#### [Data for analysis]
━━━━━━━━━━━━━━━━━━━━━━━━━━━━━━
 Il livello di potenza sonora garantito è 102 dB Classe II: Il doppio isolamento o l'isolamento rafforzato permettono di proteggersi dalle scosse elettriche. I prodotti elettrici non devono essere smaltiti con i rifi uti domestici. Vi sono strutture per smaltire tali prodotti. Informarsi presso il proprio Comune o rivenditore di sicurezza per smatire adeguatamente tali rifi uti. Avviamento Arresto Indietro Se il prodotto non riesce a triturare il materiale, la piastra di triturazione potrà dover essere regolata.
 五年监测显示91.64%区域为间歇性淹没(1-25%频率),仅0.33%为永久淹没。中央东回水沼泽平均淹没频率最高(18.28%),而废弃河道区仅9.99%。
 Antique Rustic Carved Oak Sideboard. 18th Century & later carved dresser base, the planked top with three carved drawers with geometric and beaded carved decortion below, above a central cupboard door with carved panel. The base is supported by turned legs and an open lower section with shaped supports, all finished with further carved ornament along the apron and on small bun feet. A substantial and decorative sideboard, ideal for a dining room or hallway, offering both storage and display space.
━━━━━━━━━━━━━━━━━━━━━━━━━━━━━━
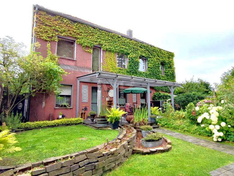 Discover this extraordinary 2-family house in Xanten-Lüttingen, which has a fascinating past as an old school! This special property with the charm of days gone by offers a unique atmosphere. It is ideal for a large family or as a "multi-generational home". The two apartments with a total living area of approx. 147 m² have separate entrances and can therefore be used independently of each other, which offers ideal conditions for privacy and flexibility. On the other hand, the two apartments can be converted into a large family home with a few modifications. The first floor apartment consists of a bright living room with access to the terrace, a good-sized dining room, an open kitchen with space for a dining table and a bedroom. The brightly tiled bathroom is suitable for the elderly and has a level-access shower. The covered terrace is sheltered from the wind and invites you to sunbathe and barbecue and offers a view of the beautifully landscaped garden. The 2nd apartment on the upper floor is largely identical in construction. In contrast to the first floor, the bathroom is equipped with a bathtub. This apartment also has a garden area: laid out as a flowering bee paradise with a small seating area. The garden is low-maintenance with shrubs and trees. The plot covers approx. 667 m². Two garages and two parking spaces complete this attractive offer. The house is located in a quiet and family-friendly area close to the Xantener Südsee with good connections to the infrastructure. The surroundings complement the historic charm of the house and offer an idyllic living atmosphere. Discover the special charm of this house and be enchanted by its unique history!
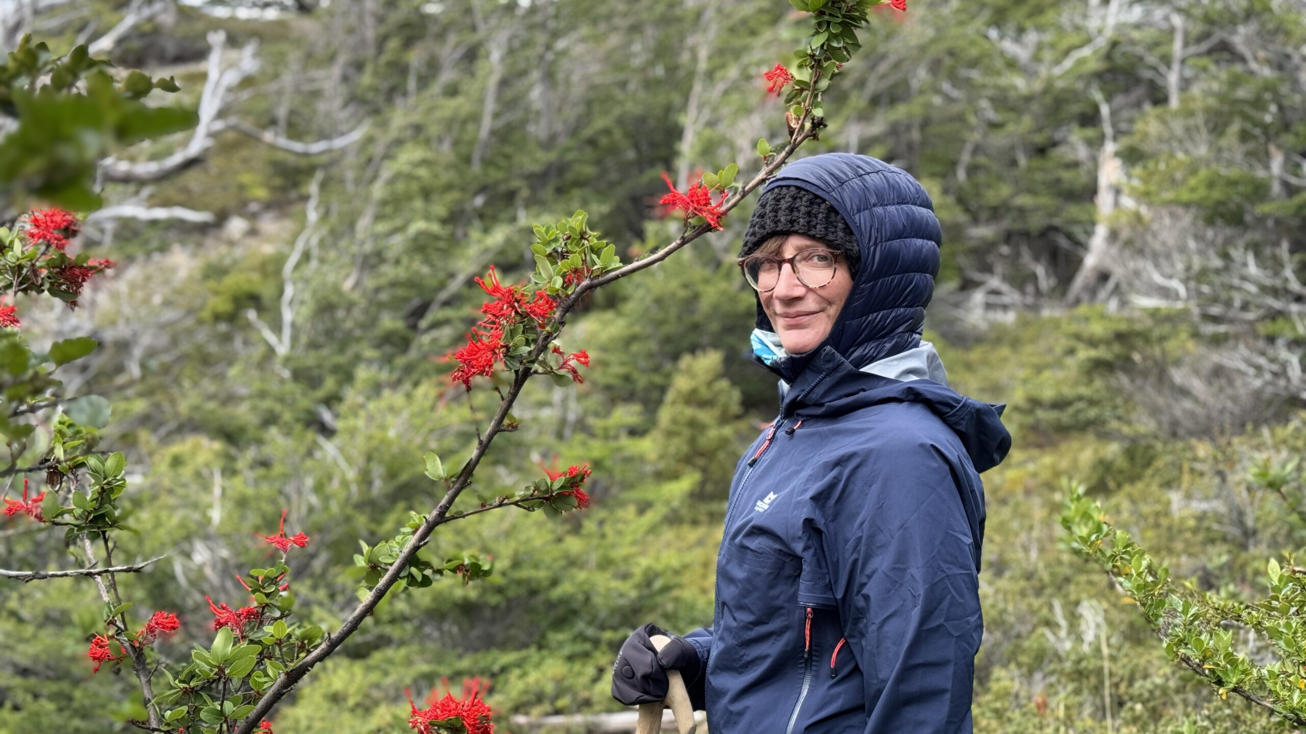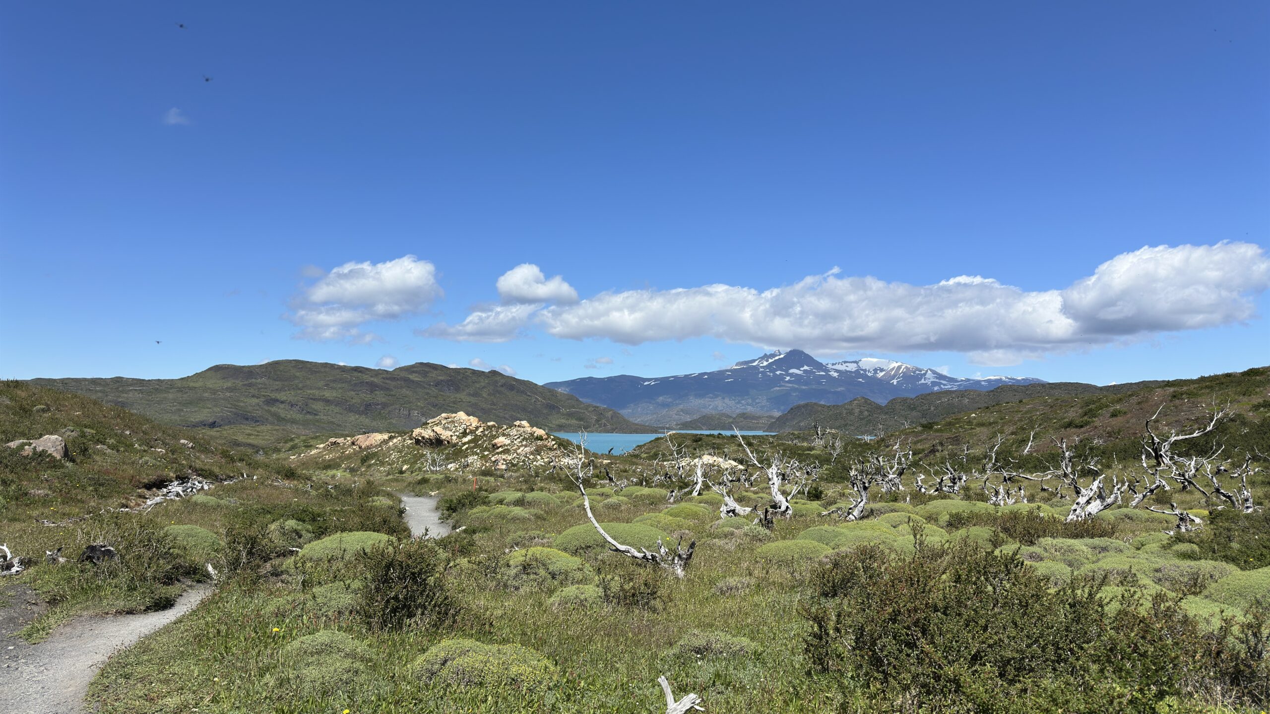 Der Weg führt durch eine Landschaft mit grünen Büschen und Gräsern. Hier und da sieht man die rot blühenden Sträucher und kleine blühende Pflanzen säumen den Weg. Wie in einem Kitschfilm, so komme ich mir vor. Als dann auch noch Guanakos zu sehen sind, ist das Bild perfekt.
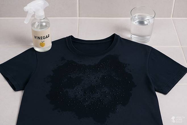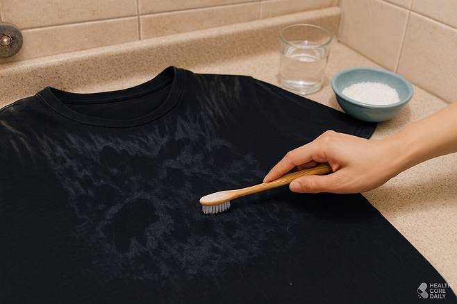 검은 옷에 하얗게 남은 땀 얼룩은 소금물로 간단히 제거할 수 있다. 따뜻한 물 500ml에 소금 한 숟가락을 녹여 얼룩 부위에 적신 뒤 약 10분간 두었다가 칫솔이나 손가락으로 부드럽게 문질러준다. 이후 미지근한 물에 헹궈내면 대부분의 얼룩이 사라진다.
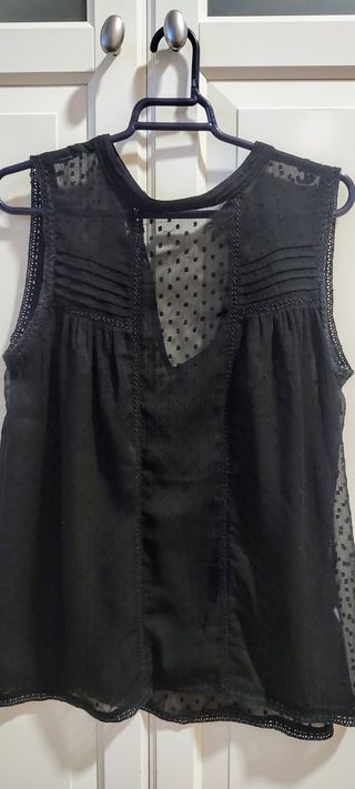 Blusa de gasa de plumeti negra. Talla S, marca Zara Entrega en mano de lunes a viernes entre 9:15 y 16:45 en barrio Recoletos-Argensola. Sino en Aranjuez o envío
━━━━━━━━━━━━━━━━━━━━━━━━━━━━━━
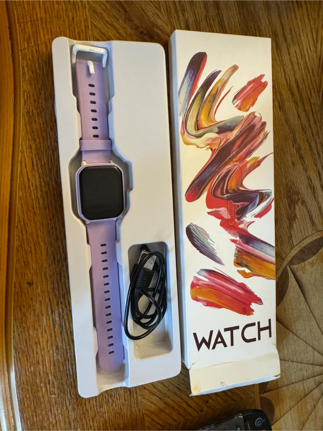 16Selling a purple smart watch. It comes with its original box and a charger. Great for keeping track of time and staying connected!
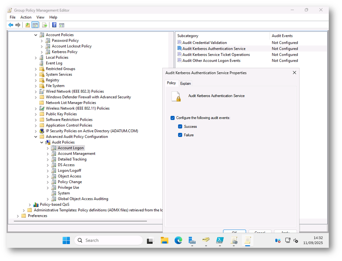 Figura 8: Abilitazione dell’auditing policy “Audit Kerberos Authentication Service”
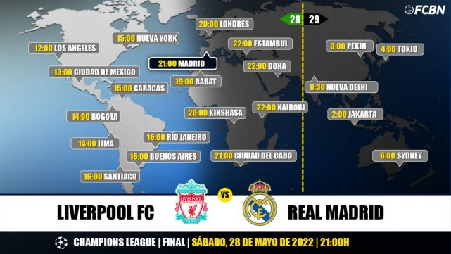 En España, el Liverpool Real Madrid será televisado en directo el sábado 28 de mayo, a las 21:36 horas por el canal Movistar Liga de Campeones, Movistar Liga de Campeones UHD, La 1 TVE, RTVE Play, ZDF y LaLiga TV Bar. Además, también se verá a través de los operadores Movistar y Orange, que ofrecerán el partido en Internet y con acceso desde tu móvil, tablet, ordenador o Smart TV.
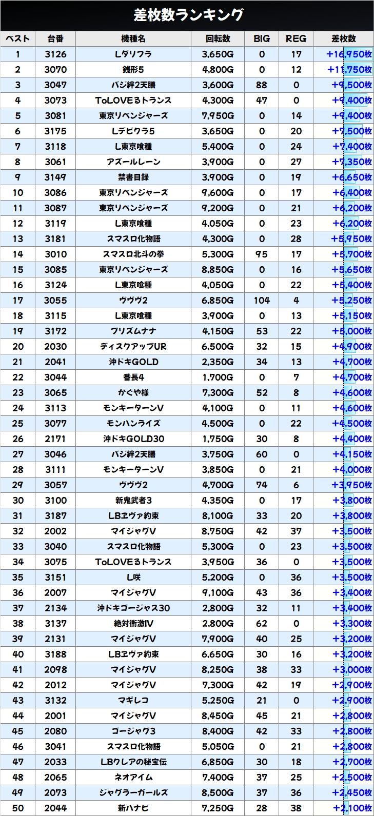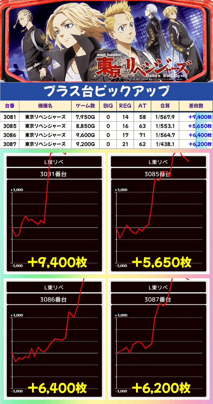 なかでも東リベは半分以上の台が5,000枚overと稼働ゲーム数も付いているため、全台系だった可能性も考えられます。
━━━━━━━━━━━━━━━━━━━━━━━━━━━━━━
#### [Task description]
Above are the records; return the lines in them from the one with "검은 옷에 하얗게 남은" to the one with "Blusa de gasa", inclusive, exactly and without images.

#### [Your response]
 검은 옷에 하얗게 남은 땀 얼룩은 소금물로 간단히 제거할 수 있다. 따뜻한 물 500ml에 소금 한 숟가락을 녹여 얼룩 부위에 적신 뒤 약 10분간 두었다가 칫솔이나 손가락으로 부드럽게 문질러준다. 이후 미지근한 물에 헹궈내면 대부분의 얼룩이 사라진다.
 Blusa de gasa de plumeti negra. Talla S, marca Zara Entrega en mano de lunes a viernes entre 9:15 y 16:45 en barrio Recoletos-Argensola. Sino en Aranjuez o envío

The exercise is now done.